#### Your goal
Images do not belong in the copy. Set down all the entries exactly.

#### Recorded data

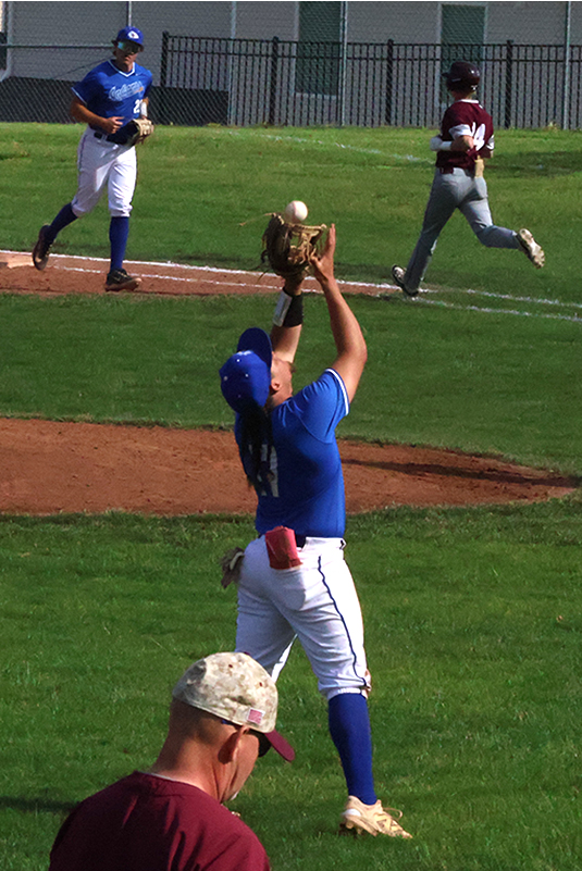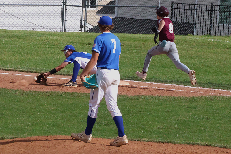 Kahl, an imposing right-hander, came close to a one-hitter, but a ground ball hit by Ayden Mentzer in the top of the fourth inning was ruled an error instead of an infield single. Kahl walked three batters, struck out three with 10 outs coming on fly balls during a 4-0 Mid-Penn Colonial Division victory.
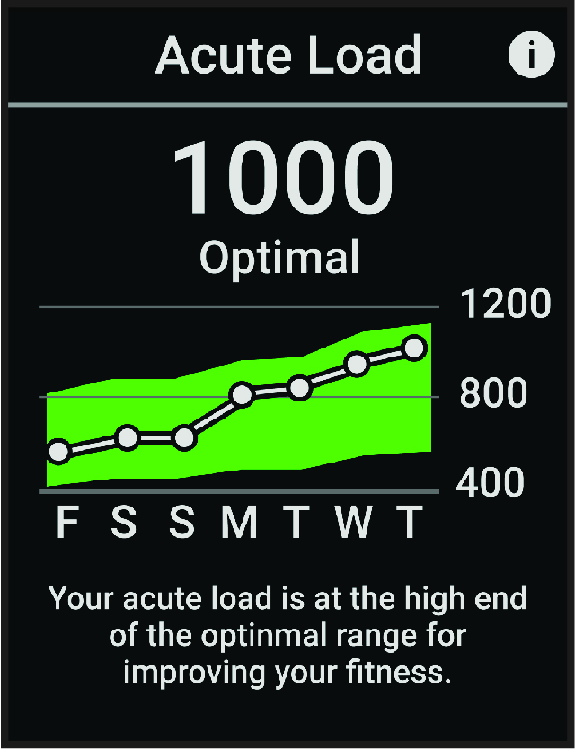 Acute load is a weighted sum of your excess post-exercise oxygen consumption (EPOC) for the last several days. The gauge indicates whether your current load is low, optimal, high, or very high. The optimal range is based on your individual fitness level and training history. The range adjusts as your training time and intensity increase or decrease.
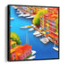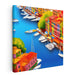 Introducing "Aqua Strokes Symphony," an enchanting impressionist waterfront canvas art print that captures the bustling energy and lively charm of a coastal town. This dynamic artwork immerses viewers in a vibrant seaside scene, where the deep blue waters take center stage, creating a serene yet bustling atmosphere.
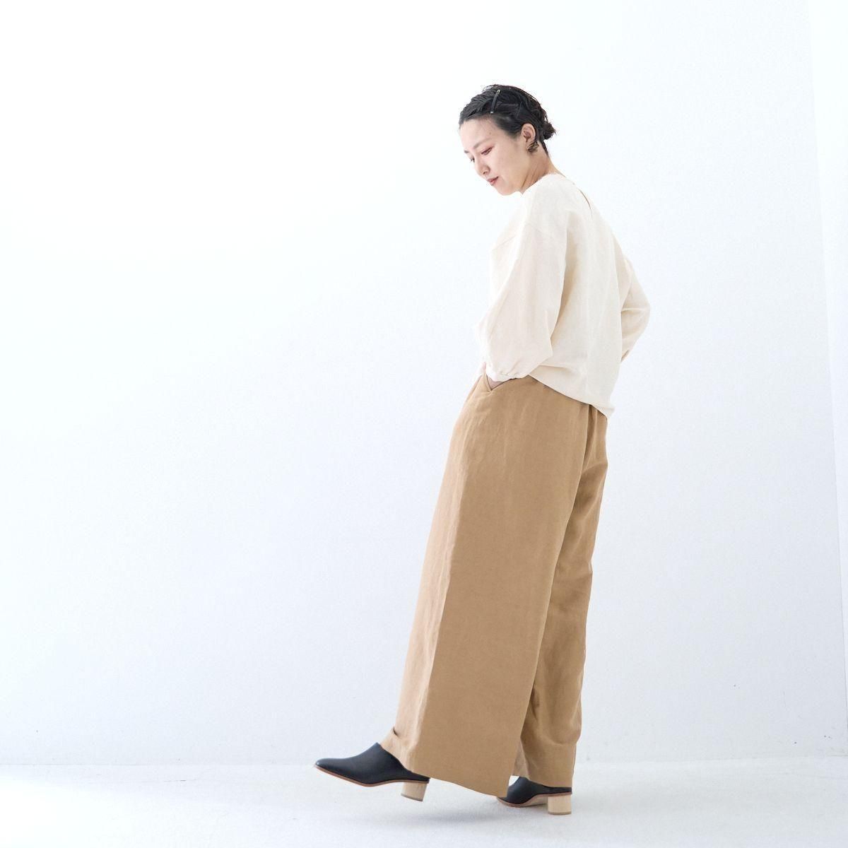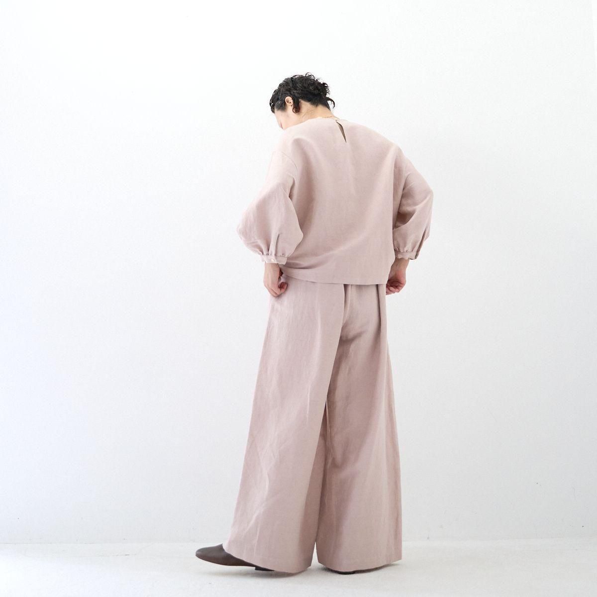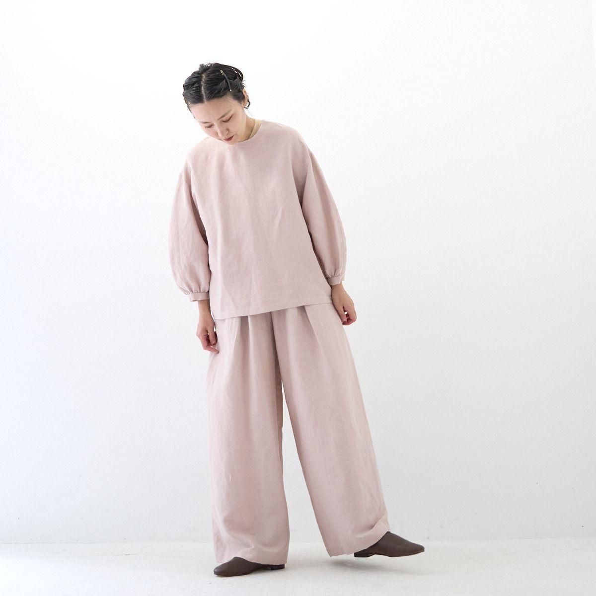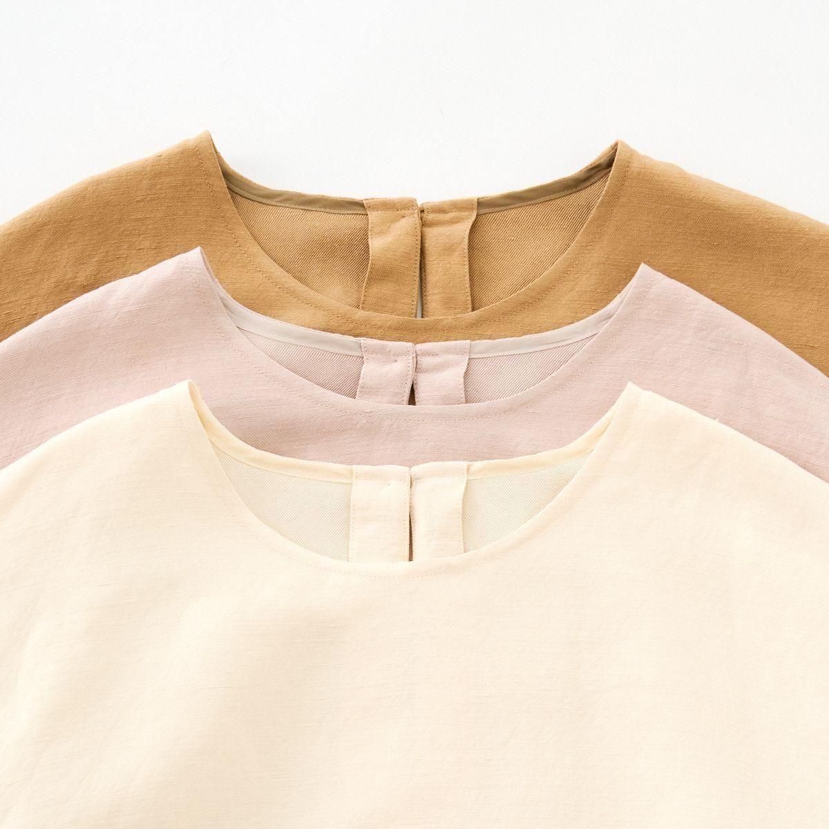 humoresque(ユーモレスク)は、デザイナー 渡辺由夏さんの「ちょうど良い糸を、ちょうど良い形で編んでみたい。」との想いから2012年の秋冬シーズンにニットを中心とした衣服ブランドをスタートし、シルクなど布帛アイテムの展開にも力を入れています。 humoresqueらしい上品さを併せ持ったパフスリーブのプルオーバー。 柔らかいリネンシルク生地で着用期間も長くお楽しみいただけ、こっくりとしたニュアンスのある柔らかいカラー展開です。 25AW size: F 着丈57.5cm 身幅58cm 裄丈68cm color:pink beige / ivory / camel material: リネン54% シルク46% パイピング キュプラ100% 手洗可 ※天然素材を使用しておりますため、織ムラやかすれ、フシやヨレによる不均一さ、 小さなほつれなどがある場合や、画像の色味や風合いと異なる場合もございます。 デリケートな素材もございますので、引っ掛けやひきつれにはご注意ください。 素材によって仕上がりに個体差が出ること、サイズ感、色、風合いについての特徴を、 天然素材ならではの良さとしてご理解の上、ご購入くださいますようお願いします。 シルクは直射日光により黄変しやすいため、陰干ししてください。 シルク糸が痩せてくるため、優しく手洗い、またはドライクリーニングをおすすめします。 model: 163cm(brick,shade着用) お取り扱い店舗・・・dieci芝川ビル店 size_chart
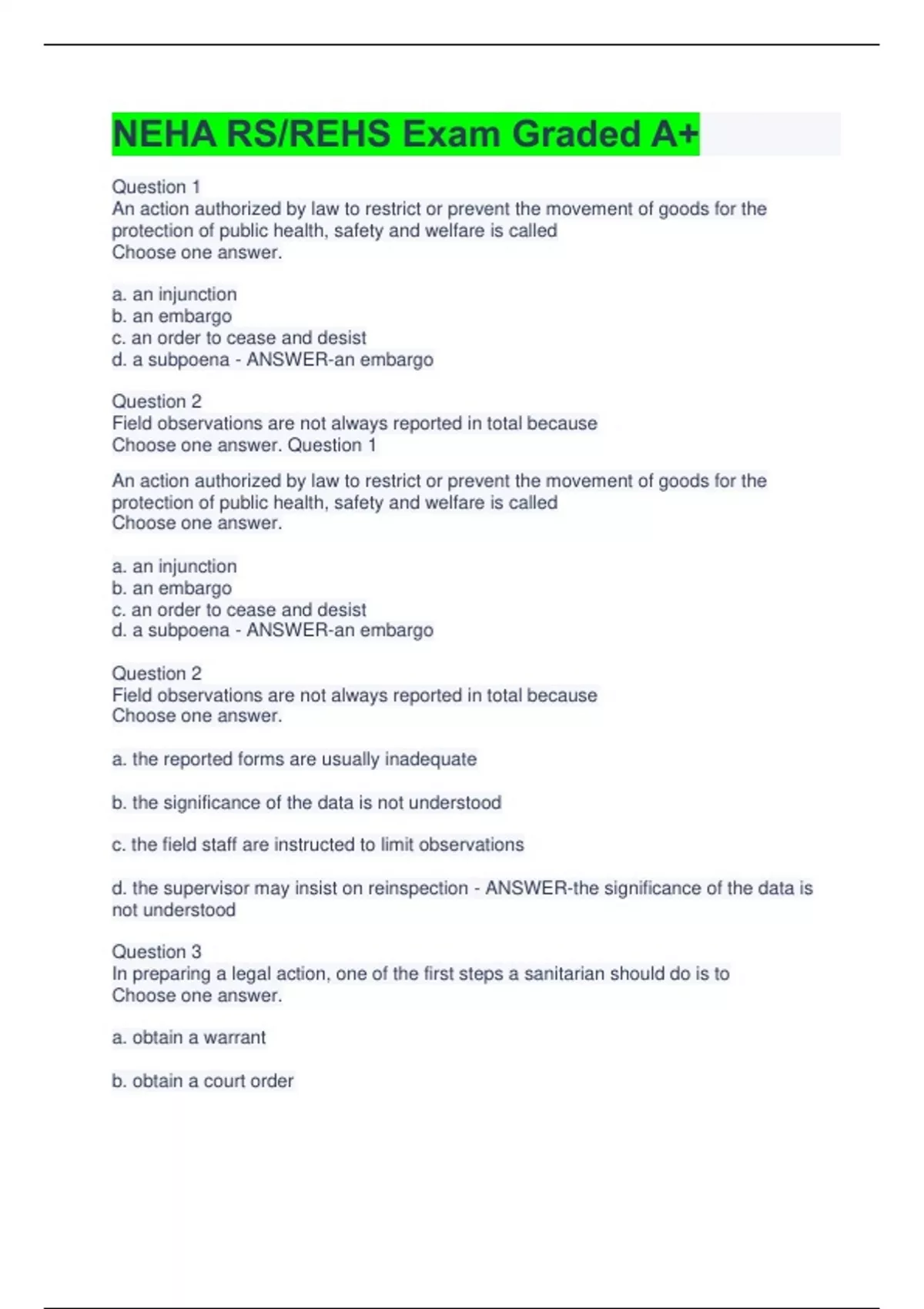 NEHA RS/REHS Exam Graded A+ REHS NEHA Exam 2023 Solved 100% REHS Exam 2023 360 Answered Questions NEHA REHS/RS Exam - Practice Questions and Answers 100% Correct REHS 2023/24 Exam: Bloodborne Pathogens REHS 300 questions solved 100% correct REHS- Wastewater treatment and Disposal Quiz latest updated graded A+ REHS Exam2023- Milk and Dairy Products

#### Expected answer
 Kahl, an imposing right-hander, came close to a one-hitter, but a ground ball hit by Ayden Mentzer in the top of the fourth inning was ruled an error instead of an infield single. Kahl walked three batters, struck out three with 10 outs coming on fly balls during a 4-0 Mid-Penn Colonial Division victory.
 Acute load is a weighted sum of your excess post-exercise oxygen consumption (EPOC) for the last several days. The gauge indicates whether your current load is low, optimal, high, or very high. The optimal range is based on your individual fitness level and training history. The range adjusts as your training time and intensity increase or decrease.
 Introducing "Aqua Strokes Symphony," an enchanting impressionist waterfront canvas art print that captures the bustling energy and lively charm of a coastal town. This dynamic artwork immerses viewers in a vibrant seaside scene, where the deep blue waters take center stage, creating a serene yet bustling atmosphere.
 humoresque(ユーモレスク)は、デザイナー 渡辺由夏さんの「ちょうど良い糸を、ちょうど良い形で編んでみたい。」との想いから2012年の秋冬シーズンにニットを中心とした衣服ブランドをスタートし、シルクなど布帛アイテムの展開にも力を入れています。 humoresqueらしい上品さを併せ持ったパフスリーブのプルオーバー。 柔らかいリネンシルク生地で着用期間も長くお楽しみいただけ、こっくりとしたニュアンスのある柔らかいカラー展開です。 25AW size: F 着丈57.5cm 身幅58cm 裄丈68cm color:pink beige / ivory / camel material: リネン54% シルク46% パイピング キュプラ100% 手洗可 ※天然素材を使用しておりますため、織ムラやかすれ、フシやヨレによる不均一さ、 小さなほつれなどがある場合や、画像の色味や風合いと異なる場合もございます。 デリケートな素材もございますので、引っ掛けやひきつれにはご注意ください。 素材によって仕上がりに個体差が出ること、サイズ感、色、風合いについての特徴を、 天然素材ならではの良さとしてご理解の上、ご購入くださいますようお願いします。 シルクは直射日光により黄変しやすいため、陰干ししてください。 シルク糸が痩せてくるため、優しく手洗い、またはドライクリーニングをおすすめします。 model: 163cm(brick,shade着用) お取り扱い店舗・・・dieci芝川ビル店 size_chart
 NEHA RS/REHS Exam Graded A+ REHS NEHA Exam 2023 Solved 100% REHS Exam 2023 360 Answered Questions NEHA REHS/RS Exam - Practice Questions and Answers 100% Correct REHS 2023/24 Exam: Bloodborne Pathogens REHS 300 questions solved 100% correct REHS- Wastewater treatment and Disposal Quiz latest updated graded A+ REHS Exam2023- Milk and Dairy Products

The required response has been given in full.